What would happen if an electric current no longer flowed, but trickled instead? This was the question investigated by researchers working with Christian Ast at the Max Planck Institute for Solid State Research. Their investigation involved cooling their scanning tunnelling microscope down to a fifteen thousandth of a degree above absolute zero. At these extremely low temperatures, the electrons reveal their quantum nature. The electric current is therefore a granular medium, consisting of individual particles. The electrons trickle through a conductor like grains of sand in an hourglass, a phenomenon that can be explained with the aid of quantum electrodynamics.
Keeping a close eye on everything: Christian Ast checks the connections of the scanning tunneling microscope (top). Researchers in the Nanoscale Science Department conduct their experiments in this instrument at lowest temperatures of a fifteen thousandth of a degree above absolute zero. The principle is always the same (bottom): A tunneling current (illustrated by the transparent bar) flows between an ultrafine tip and the sample, providing information about the properties of the sample. At these low temperatures the tunneling current reveals all of its quantum properties. (Credit: Tom Pingel (top), MPI for Solid State Research (bottom))

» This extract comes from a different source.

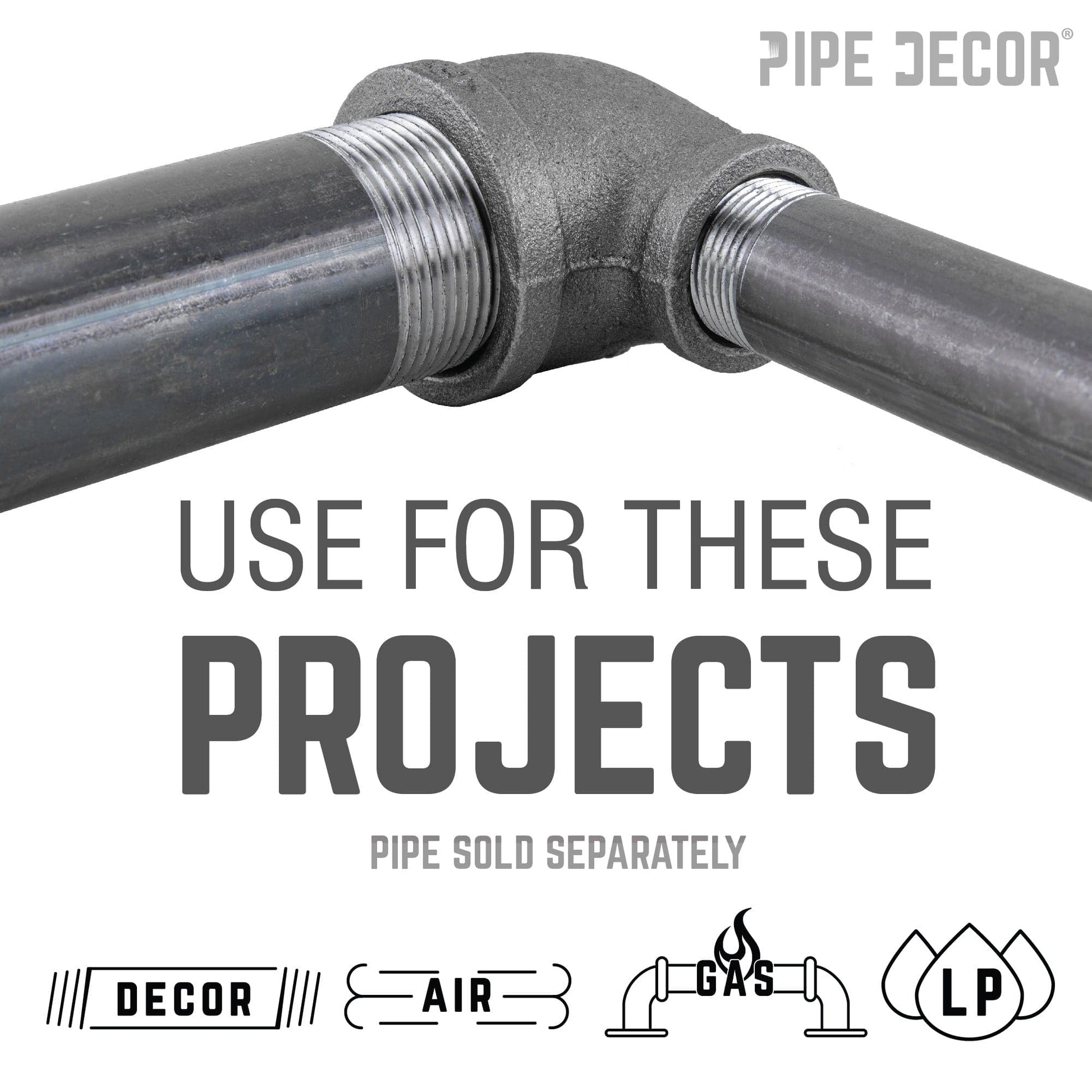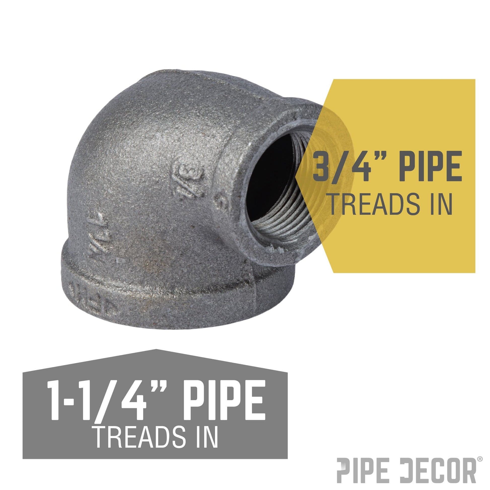 Having trouble connecting two pipes of different diameters? You need a reducing elbow. Fit that bigger or smaller pipe into your next pipe project. Create a unique visual effect by using two different pipe sizes in you DIY projects. Our fittings are made with durable, industrial-grade malleable iron. Fittings are 100% authentic and are made to stand the test of time. You will know PIPE DECOR parts and accessories when you hold them. Beauty and beast. Strength and style. These are real industrial fittings for your decorations and designs. Accept no substitutes. Extra pieces and accessories are available for your custom projects and expansions. Plug and play as desired.

Flowing water from a tap feels like a homogeneous medium - it is impossible to distinguish between the individual water molecules. Exactly the same thing is true about electric current. So many electrons flow in a conventional cable that the current appears to be homogeneous. Although it is not possible to distinguish individual electrons, quantum mechanics says they should exist. So how do they behave? Under which conditions does the current not flow like water through a tap, but rather trickles like sand in an hourglass?
The hourglass analogy is very appropriate for the scanning tunnelling microscope, where a thin, pointed tip scans across the surface of a sample without actually touching it. A tiny current flows nevertheless, as there is a slight probability that electrons “tunnel” from the pointed tip into the sample. This tunnelling current is an exponential function of the separation, which is why the pointed tip is located only a few Ångström (a ten millionth of a millimetre) above the sample.
Minute variations in the tunnelling current thus allow researchers to resolve individual atoms and atomic structures on surfaces and investigate their electronic structure. Scanning tunnelling microscopes are therefore some of the most versatile and sensitive detectors in the whole of solid state physics.
Even under these extreme conditions – a tiny current of less than one billionth of the current that flows through a 100-watt light bulb – billions of electrons per second still flow. This is too many to discern individual electrons. The temperature was down at around a fifteen thousandth of a degree above absolute zero (i.e. at minus 273.135°C or 15 mK) before the scientists saw that the electric current consists of individual electrons.
At this low temperature, very fine structures, which the researchers had not expected, appear in the spectrum. “We could explain these new structures only by assuming that the tunnelling current is a granular medium and no longer homogeneous,” says Ast, who heads the group working with the scanning tunnelling microscope. This is thus the first time that the full quantum nature of electronic transport in the scanning tunnelling microscope has shown itself.
The electric charge must therefore be quantized as well if this quantum mechanical phenomenon is to be fully explained. “The theory on which this is based was developed back at the beginning of the 1990s. Now that conceptual and practical issues relating to its application to scanning tunnelling microscopes have been solved, it is nice to see how consistently theory and experiment fit together,” says Joachim Ankerhold from the University of Ulm, who contributed the theoretical basis.
In addition to a detailed theory, experiments of this type require an adapted laboratory environment which reduces external disturbances to a large extent. Since the end of 2012, a new precision laboratory has been in operation on the campus of the Max Planck Institutes in Stuttgart; it provides an almost disturbance-free laboratory environment for highly sensitive experiments such as the mK scanning tunnelling microscope.
The instrument is located in the precision laboratory in a box equipped with both acoustic and electromagnetic shielding on a vibration-decoupled concrete base. “We want to use it to venture into new, unknown territory – which we did very successfully with this experiment,” says Klaus Kern, Director at the Max Planck Institute for Solid State Research.
Electrons have already demonstrated their quantum nature. As they are transported through quantum dots, for example, the current flow is specifically blocked so that the electrons appear individually. This effect became evident in the scanning tunnelling microscope simply by cooling it to extremely low temperatures, however. “The tunnel effect has definitely reached the quantum limit here,” says team member Berthold Jäck. The researchers do not want to view this as a limitation, however. “These extremely low temperatures open up an unexpected richness of detail which allows us to understand superconductivity and light-matter interactions much better,” says Christian Ast.